Au mois de février 1177 (1178), nous trouvons les trois frères, Sicard, Guillaume et Pierre de Laurac, en présence et avec le consentement d'une nombreuse assemblée de chevaliers et de bourgeois de Castelnaudary et de Laurac, concédant aux Hospitaliers l'entière seigneurie des maisons et terres qu'ils possédaient dans les villes ou places leur appartenant, ainsi que de celles qu'ils pourraient y acquérir dans la suite, et les déclarant libres de tout service et de tout usage (Arch. Puysiuran. 1. I. ).
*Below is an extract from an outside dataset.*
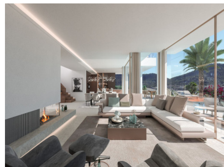
Lightflooded living area

Cependant la ville de Puysiuran ne prospérait guère; les habitants des campagnes voisines hésitaient à venir transporter leurs résidences dans cette place ouverte, située sur la principale route du midi de la France, et qu'une ceinture de murailles ne protégeait pas contre les entreprises de la plus minime troupe armée passant, dans les environs. C'est à cet état de choses que résolut de remédier le commandeur Pierre de Soubirran. Pour venir a bout de l'entreprise coûteuse de la fortification de la ville, il eut recours aux deux plus puissants seigneurs du pays et conclut avec eux un traité de paréage, par lequel il achetait leur concours au moyen de la cession d'une partie de sa juridiction. Les archives nous ont conservé la charte de commune octroyée par ces, trois seigneurs, dans le but d'attirer de nombreux habitants dans leur nouvelle bastide. Ils maintiennent le droit d'asile dans ce territoire; tout étranger qui viendra s'établir dans la ville pourra choisir, a son arrivée, le seigneur sous la protection de qui il voudra se placer; les habitants, exempts de tout droit de leude, ne paieront que le sextarage pour le sel, d'après les coutumes de Castelnaudary; la justice sera exercée par indivis an nom des trois seigneurs (1194).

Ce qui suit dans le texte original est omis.